**Task brief**.
Everything from the line with "(8) Rainin Pipet-Lite" down to the line with "于2024年5月13日晚八点" below must be printed exactly, those two lines included. Exclude pictures.

**Task material**.
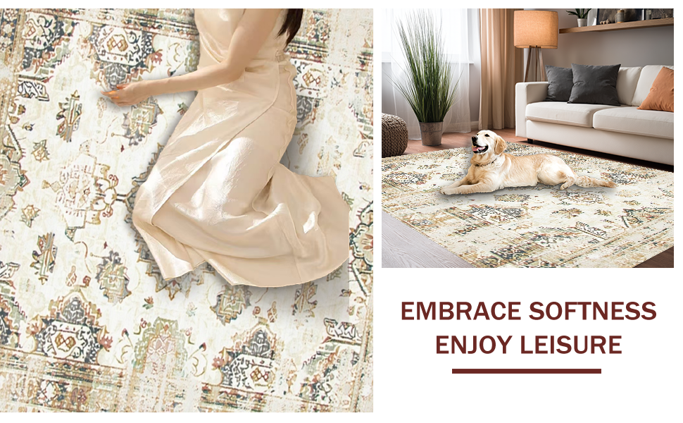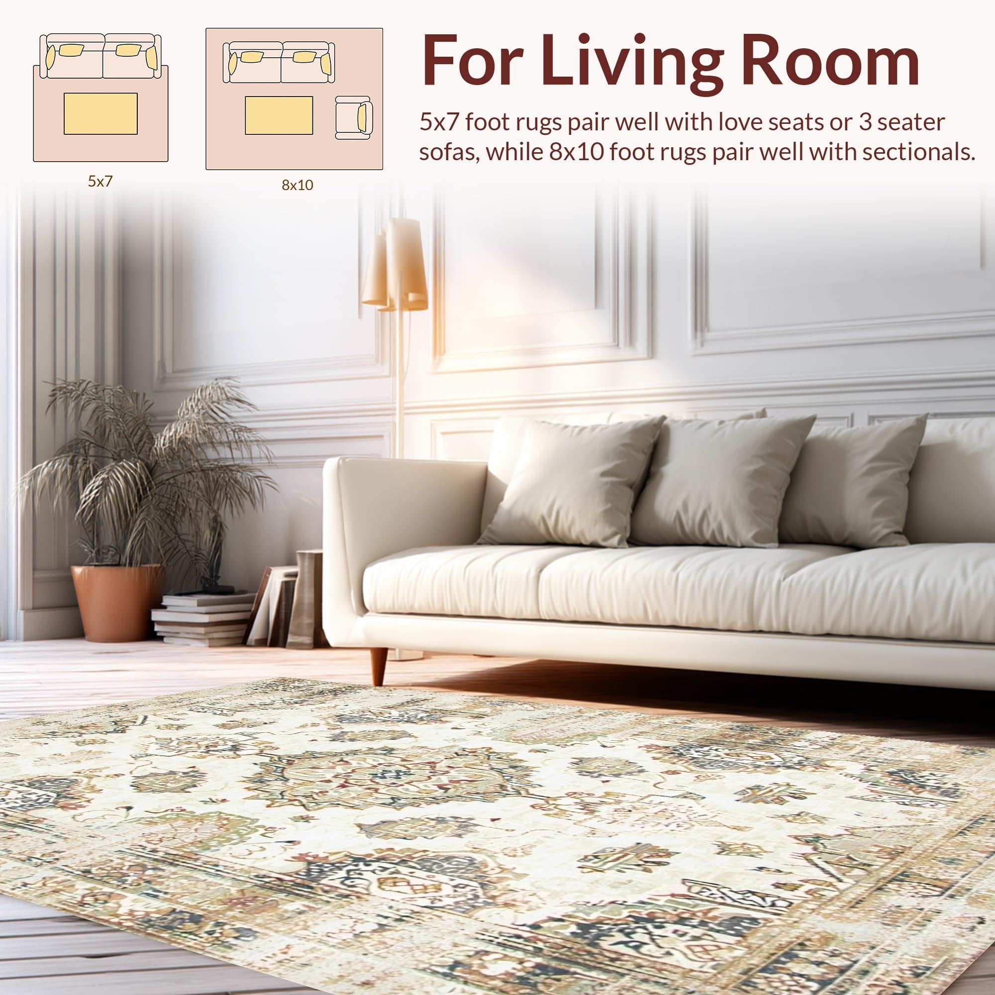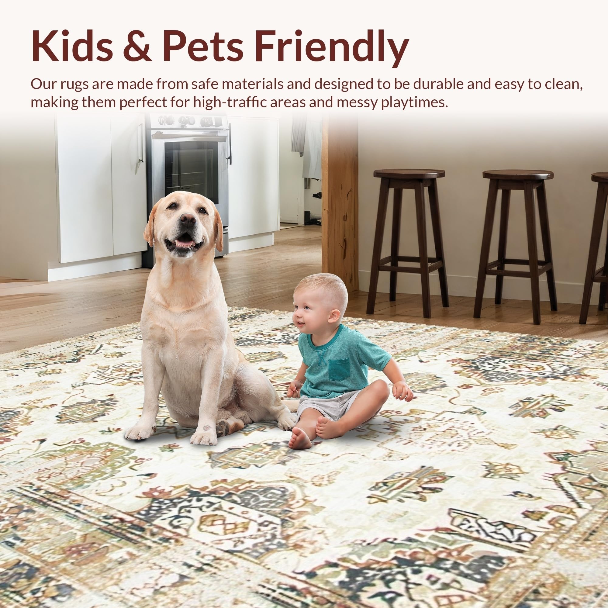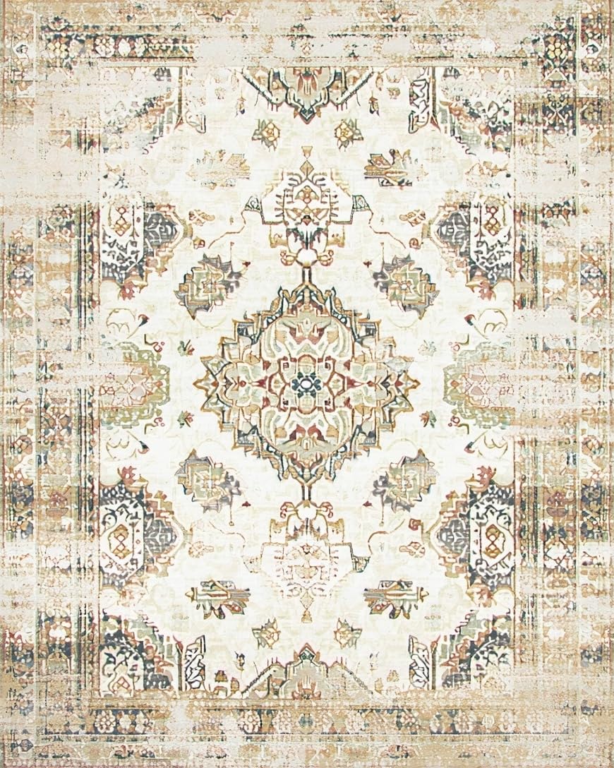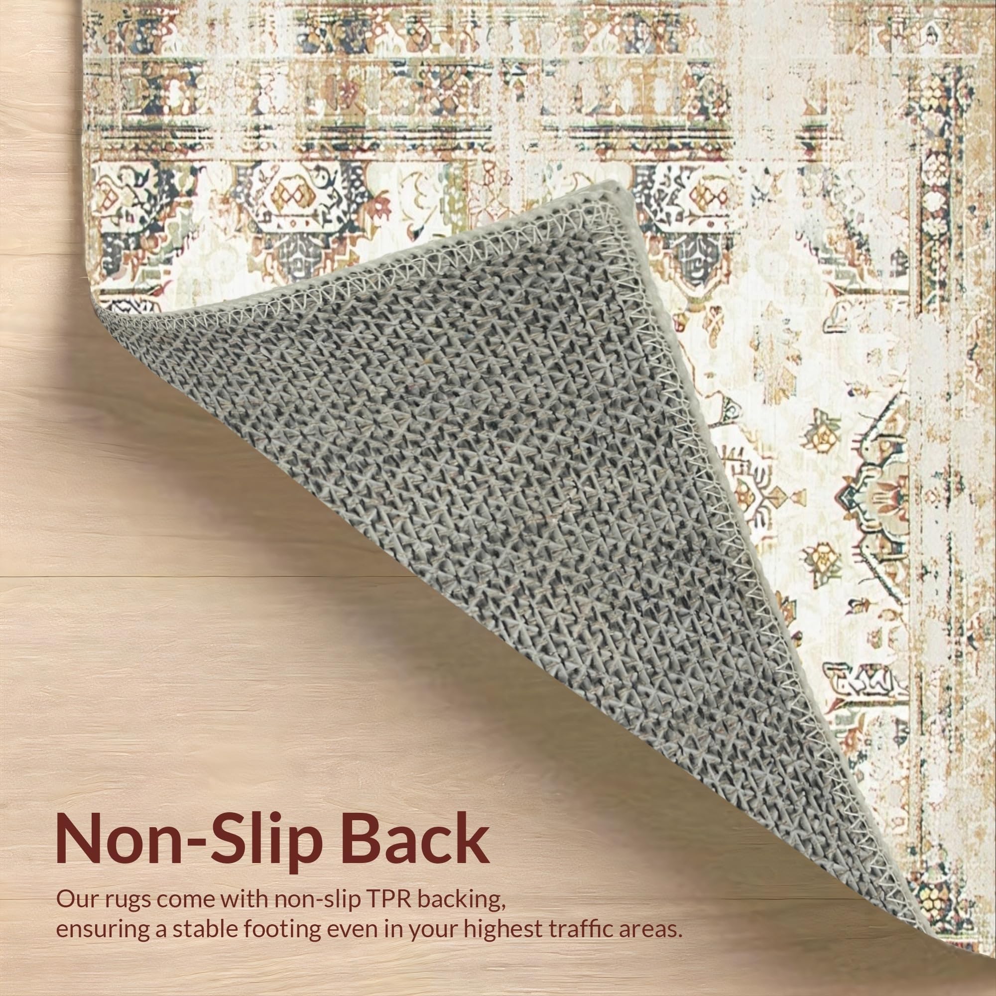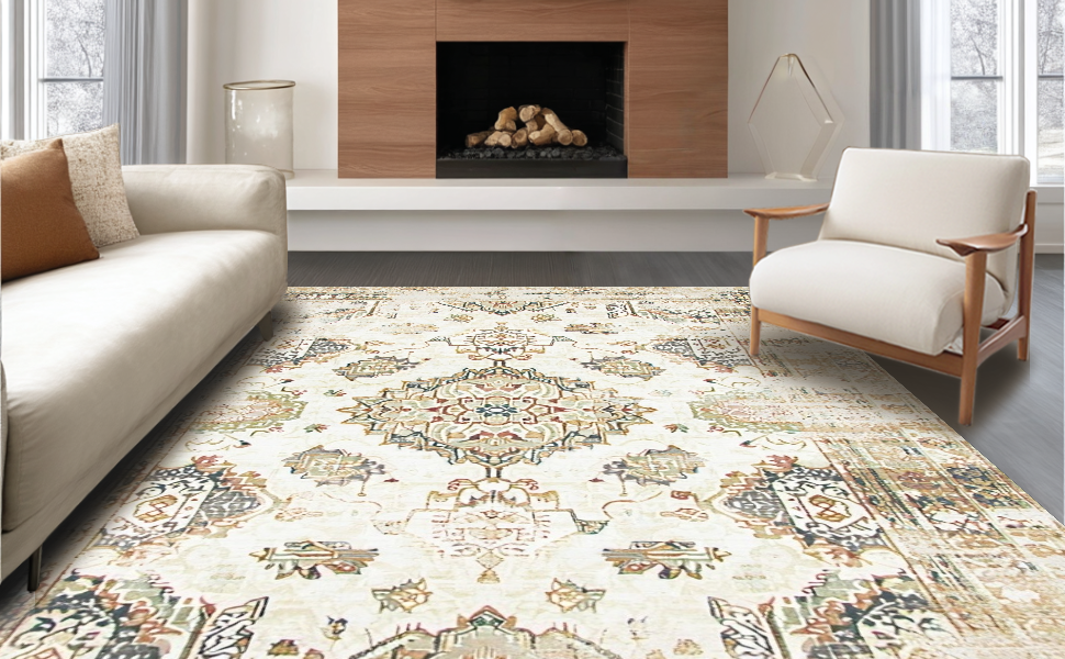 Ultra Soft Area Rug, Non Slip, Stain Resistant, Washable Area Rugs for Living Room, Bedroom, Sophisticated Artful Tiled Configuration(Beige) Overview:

--

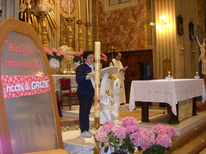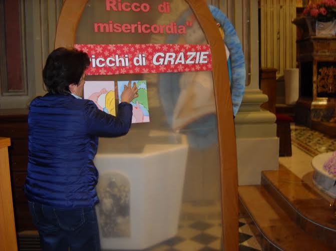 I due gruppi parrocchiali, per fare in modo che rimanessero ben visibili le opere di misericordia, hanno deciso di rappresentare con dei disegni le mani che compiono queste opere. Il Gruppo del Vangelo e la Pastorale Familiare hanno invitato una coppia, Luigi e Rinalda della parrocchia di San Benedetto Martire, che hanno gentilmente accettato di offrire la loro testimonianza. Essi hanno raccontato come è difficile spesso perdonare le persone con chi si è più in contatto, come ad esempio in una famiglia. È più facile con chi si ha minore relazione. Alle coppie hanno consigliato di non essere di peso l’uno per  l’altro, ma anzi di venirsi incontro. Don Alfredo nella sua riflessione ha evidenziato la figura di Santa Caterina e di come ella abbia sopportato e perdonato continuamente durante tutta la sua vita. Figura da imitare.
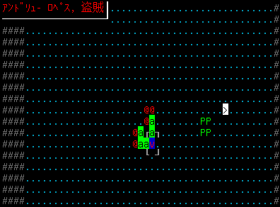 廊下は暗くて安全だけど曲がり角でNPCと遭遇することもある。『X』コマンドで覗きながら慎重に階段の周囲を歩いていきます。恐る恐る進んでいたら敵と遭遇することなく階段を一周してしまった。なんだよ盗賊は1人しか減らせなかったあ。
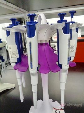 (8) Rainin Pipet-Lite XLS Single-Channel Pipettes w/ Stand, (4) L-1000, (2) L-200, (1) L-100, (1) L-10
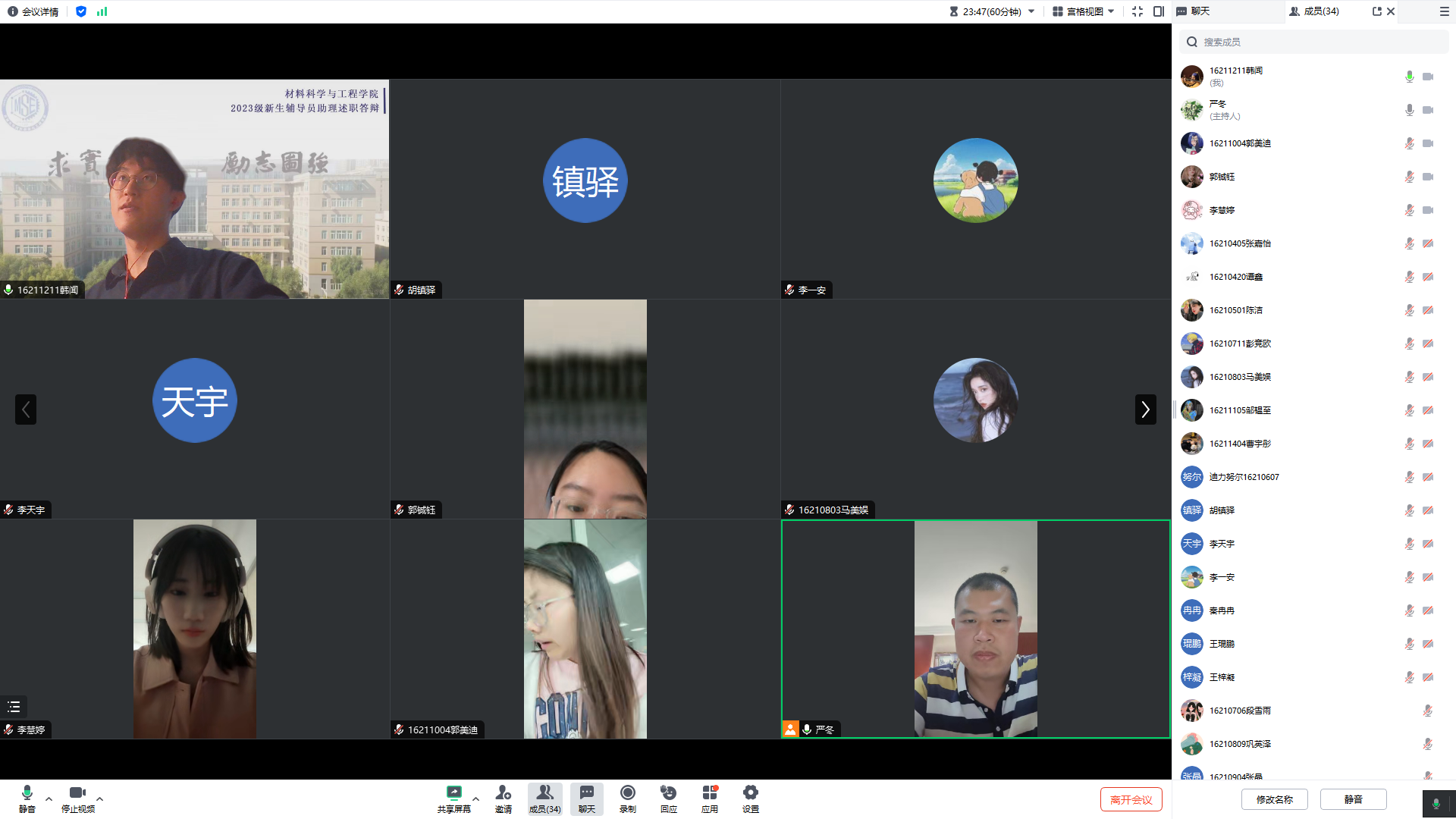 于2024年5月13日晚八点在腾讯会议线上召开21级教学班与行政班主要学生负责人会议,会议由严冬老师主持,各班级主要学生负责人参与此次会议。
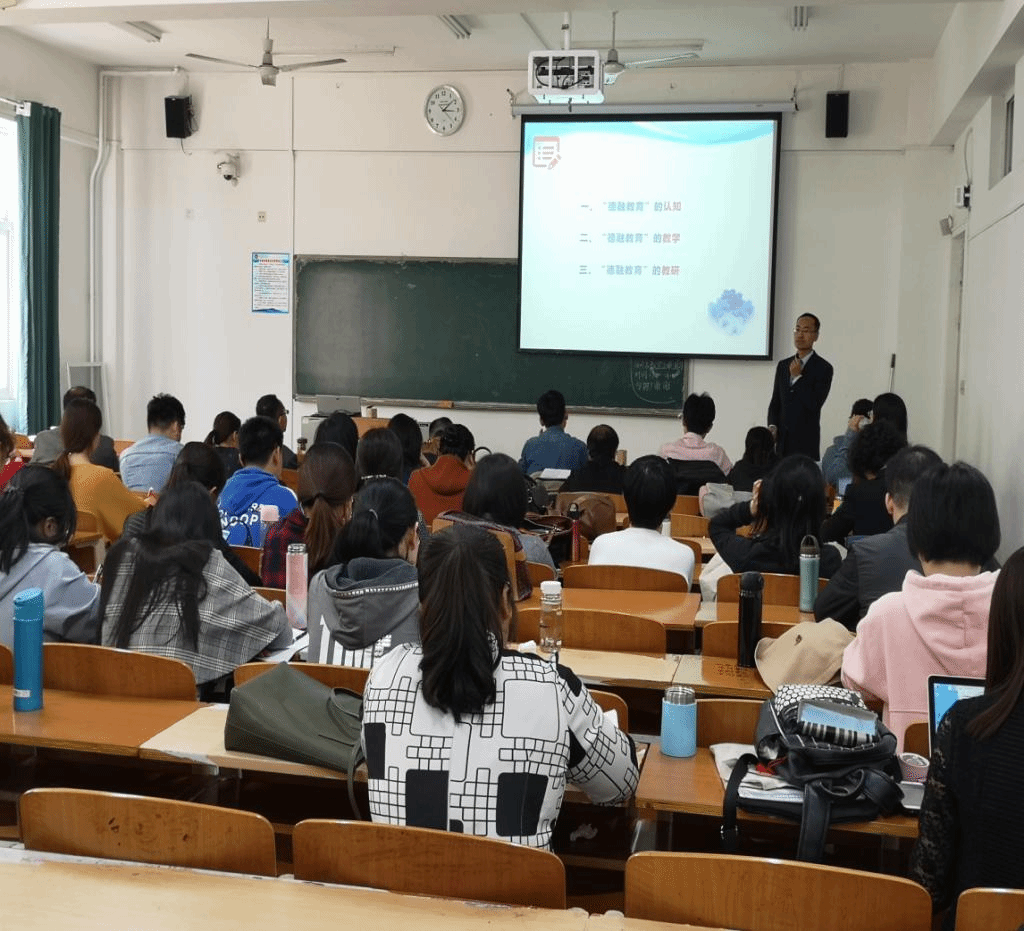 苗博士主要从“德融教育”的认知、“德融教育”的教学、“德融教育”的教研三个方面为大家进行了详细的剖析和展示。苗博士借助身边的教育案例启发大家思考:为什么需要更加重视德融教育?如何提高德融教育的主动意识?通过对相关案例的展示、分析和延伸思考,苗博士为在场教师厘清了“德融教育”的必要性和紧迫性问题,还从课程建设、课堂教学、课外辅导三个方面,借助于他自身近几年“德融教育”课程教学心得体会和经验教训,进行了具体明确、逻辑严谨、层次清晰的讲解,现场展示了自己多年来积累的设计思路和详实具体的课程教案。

**Output of the exercise**.
 (8) Rainin Pipet-Lite XLS Single-Channel Pipettes w/ Stand, (4) L-1000, (2) L-200, (1) L-100, (1) L-10
 于2024年5月13日晚八点在腾讯会议线上召开21级教学班与行政班主要学生负责人会议,会议由严冬老师主持,各班级主要学生负责人参与此次会议。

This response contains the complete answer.